So, I measured my height the other day. I have to say it was a shocking and somewhat depressing revelation to find out I am now just 5’7” tall. Although most of us upon reaching the senior citizen stage of life, understand that we shrink in height as we age and our vertebrae compress, sometimes getting squeezed out altogether. But, in a way it made me feel somewhat diminished.

Why did I take it so hard, you ask? At the age of 14, I was a 5’10” gangly girl. Quite outstanding at that time, I was head and shoulders above, not only the other girls but most of the boys as well. Try finding a dance partner when the dudes would be staring right into your budding bosom. Skinny legs and all, I was mostly in angst over this tall development.

Some of the most frequent questions: “Do you play basketball?”  Well, no. You kind of have to be coordinated to do that. Did I wear high heel shoes ever? Uh, no! Did pantyhose ever fit me?  No again.

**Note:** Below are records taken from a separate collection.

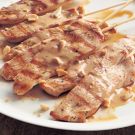 Arrange the skewers on a warmed platter. Pour the sauce over the skewers, or pour it into a small bowl and set alongside for dipping. Sprinkle the skewers with the peanuts, if desired, and serve right away. Makes 20 skewers; serves 4 to 6.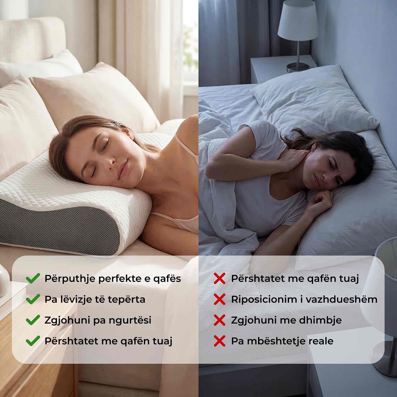 Një nga shkaqet kryesore të dhimbjes së qafës, tensionit në shpatulla dhe gjumit të dobët është mbështetja e pasaktë e kokës dhe qafës gjatë natës. Kur jastëku yt është shumë i lartë, shumë i ulët ose humbet formën nën presion, ai prish drejtimin e shtyllës kurrizore, rrit tensionin muskulor dhe ngushton rrugët e frymëmarrjes, duke krijuar parehati që shtohet për orë të tëra ndërsa fle.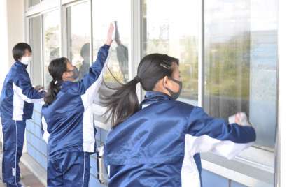 寒風に耐えながら、窓ガラス(外側)を拭く生徒たちがいます。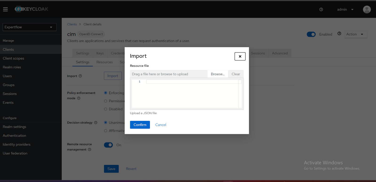 After clicking Import, a popup window will appear. Upload this file campaigns-authz-config-4.10.json which contains all the CX Campaigns related authorization configuration and click Confirm.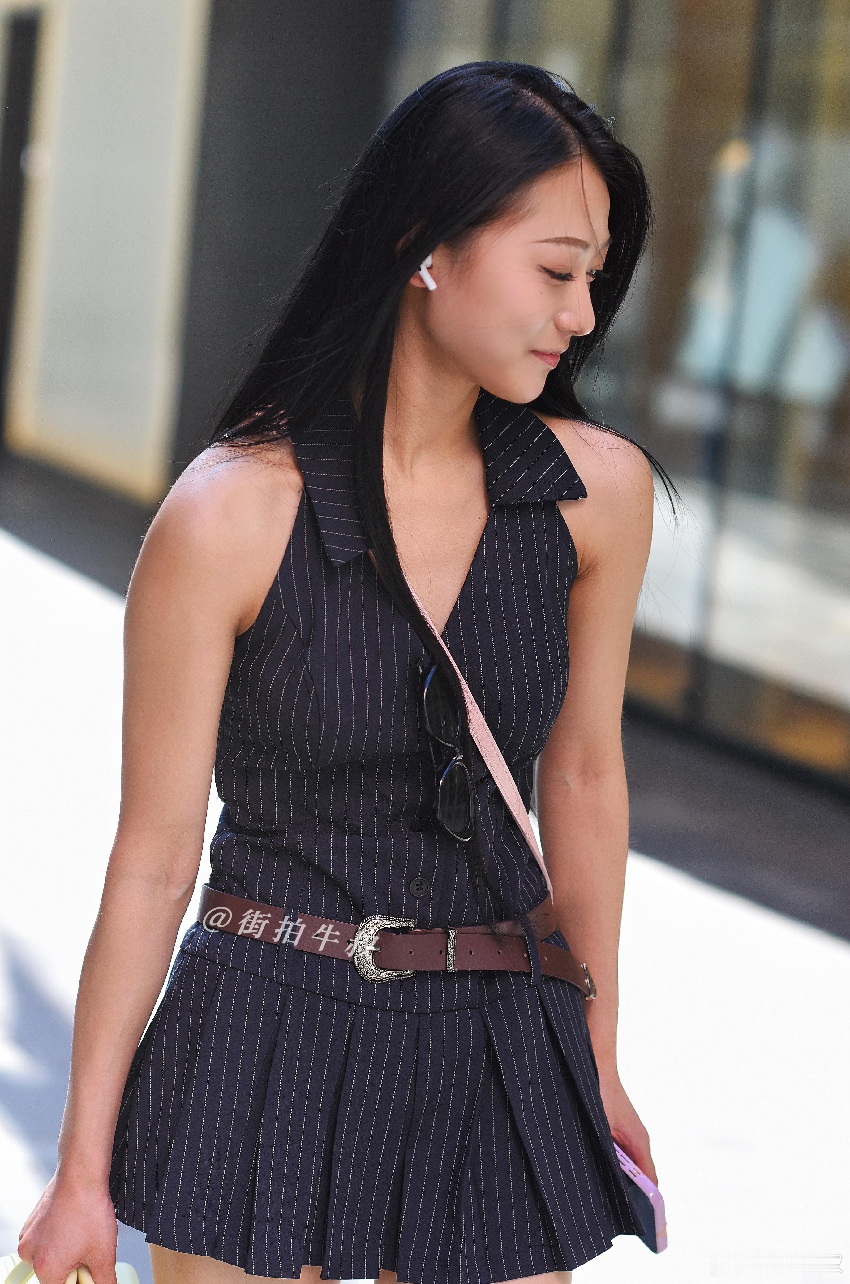 学院风的条纹西装裙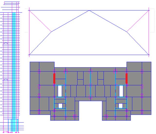 抗侧力的构件主要有:钢支撑,钢板墙,边框柱和钢板组成的筒体。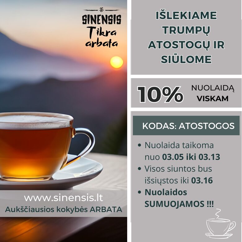 Pirkdami arbatą ar indus www.sinensis.lt svetainėje jūs visada gaunate garantiją, kad arbata yra šviežia ir labai kokybiška, patikrinta arbatos ekspertų ir be jokių cheminių priedų!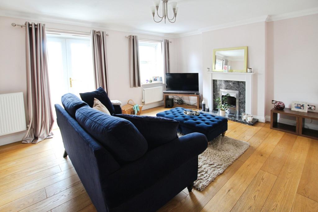 Stylish living room with fire surround, hearth and gas fire, wooden flooring, access through the French doors onto an external decked balcony, double glazed window and radiators.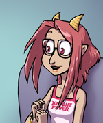 —Dragon—FrownshireFamily— Or Minnie, as she prefers to be called. Sir Manfred's visiting niece is a young dragon girl who (scandal!) kind of prefers to stay in her (not-quite-perfect) human form. She is fascinated with bipeds and their way of life, but still has a lot to learn.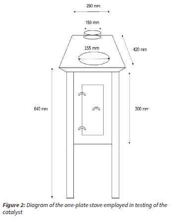The experimental setup consisted of a commercial one plate combustion device with a flue as shown in Figure 2 (Ndebele Appliances and Coal Stoves, Bronkhorstspruit, South Africa), which is representative of cooking stoves available in South Africa.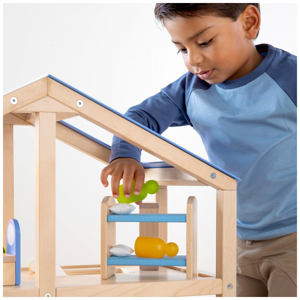 Projetada para crianças a partir de 3 anos, a casa possui três andares que permitem múltiplas áreas para brincadeiras simultâneas, estimulando jogos de faz de conta. Inclui portas, janelas e uma escada removível que ampliam as possibilidades de interação e dramatização.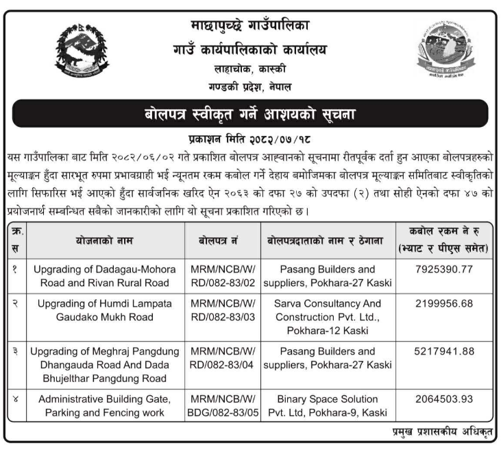 » बोलपत्र स्वीकृत गर्ने आशयको सूचना ।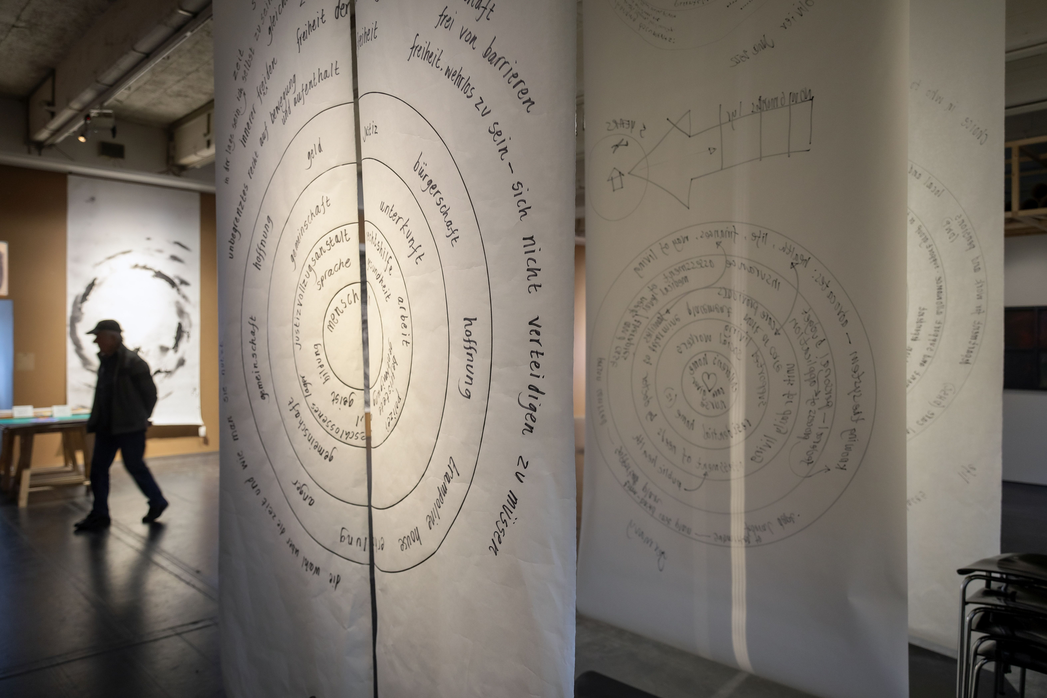 As for the cosmologies, which explored a different system to that of disability in the UK for the first time, the collaboration between Trampoline House and Project Art Works guided the public process of cosmology making during the 100 days of documenta, and it worked as a way to meaningfully broaden the topics explored by Project Art Works in Kassel. To mark the significance of our collaboration, symbolise translation into the local context of Kassel and pave the way for a process of public cosmology drawing sessions during the 100 days, a German translation of the Freedom cosmology was made and hung at the entrance of Project Art Works’ space in Fridericianum. As Kate Adams reflects in her letter exchange with Carlota Mir and Sara Alberani, which is published in full in our harvest for visAvis: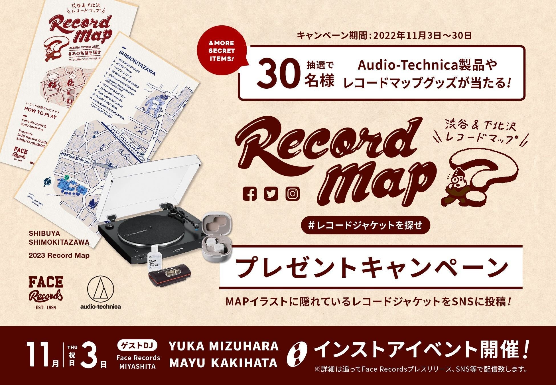 さらに、レコードマップ配布開始の11/3レコードの日にレコード愛好家の水原佑果さんと垣畑真由さんをゲストDJに迎えFace Records Miyashita Parkにてインストアイベントを開催、お二人によるAudio-Technica新商品についてのスペシャルインタビューがマップとWEBメディアAlways Listening by Audio-Technicaに掲載されます。

At 20years old attending college in San Marcos, TX

I managed to grow into being a tall woman and tallness became less an issue making way for many other issues. In fact, I am sorry to lose that youthful part of me. And, I’m sure those three damn inches went into my hips.


Why Girls Matter

December 11, 2011

Over the past few years, I’ve read some pretty enlightening and emotionally heavy books about the treatment of girls and women in some cultures around the world. It started with Reading Lolita in Tehran by Azar Nafisi, A Thousand Splendid Suns by Khaled Hosseini, The Bookseller of Kabul by Asne Seirstad, and finally, Half the Sky by Nicholas Kristoff and Sheryl WuDunn. I had the pleasure of hearing both Sheryl WuDunn and Isabel Allende speak in person about their advocacy of empowering girls and women to bring about more equitable treatment and socioeconomic advances for their communities.

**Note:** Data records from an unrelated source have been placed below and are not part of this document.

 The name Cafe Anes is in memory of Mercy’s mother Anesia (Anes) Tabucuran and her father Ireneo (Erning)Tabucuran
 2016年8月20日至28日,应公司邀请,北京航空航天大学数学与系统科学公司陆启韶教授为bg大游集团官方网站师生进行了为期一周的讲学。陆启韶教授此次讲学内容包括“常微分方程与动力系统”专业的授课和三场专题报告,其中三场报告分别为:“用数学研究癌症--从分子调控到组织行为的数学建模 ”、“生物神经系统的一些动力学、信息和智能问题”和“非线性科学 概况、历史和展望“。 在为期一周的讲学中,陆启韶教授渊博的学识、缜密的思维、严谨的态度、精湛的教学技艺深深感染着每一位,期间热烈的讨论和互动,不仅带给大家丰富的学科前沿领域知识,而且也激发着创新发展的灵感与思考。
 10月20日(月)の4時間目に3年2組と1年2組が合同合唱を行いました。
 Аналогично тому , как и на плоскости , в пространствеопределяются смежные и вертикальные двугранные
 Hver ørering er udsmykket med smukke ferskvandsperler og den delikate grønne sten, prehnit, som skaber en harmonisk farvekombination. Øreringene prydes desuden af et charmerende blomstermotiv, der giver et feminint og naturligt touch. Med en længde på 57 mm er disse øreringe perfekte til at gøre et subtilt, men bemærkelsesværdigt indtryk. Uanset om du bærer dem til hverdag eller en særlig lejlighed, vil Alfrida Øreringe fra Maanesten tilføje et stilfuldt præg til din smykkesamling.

Along the way, the difference girls and women can make in a society is confirmed again and again. Some of the how that happens is by working to bring an awareness to the causes that fight to end sex-trafficking and genital mutilation; provide basic education, job training and micro-lending. It’s absolutely amazing to me that there is still so much gender inequality in the world. In many countries females just don’t matter. Even though, the truth is, that not only do girls and women matter, but often hold the key to the entire community’s prosperity, their family’s well-being, the socioeconomic evolution of subsequent generations.

This video by The Girl Effect lays it right out for you!


Banana Nut Bread with a Story

September 4, 2011

Or, how I got my Fannie Farmer Cookbook (1969 edition)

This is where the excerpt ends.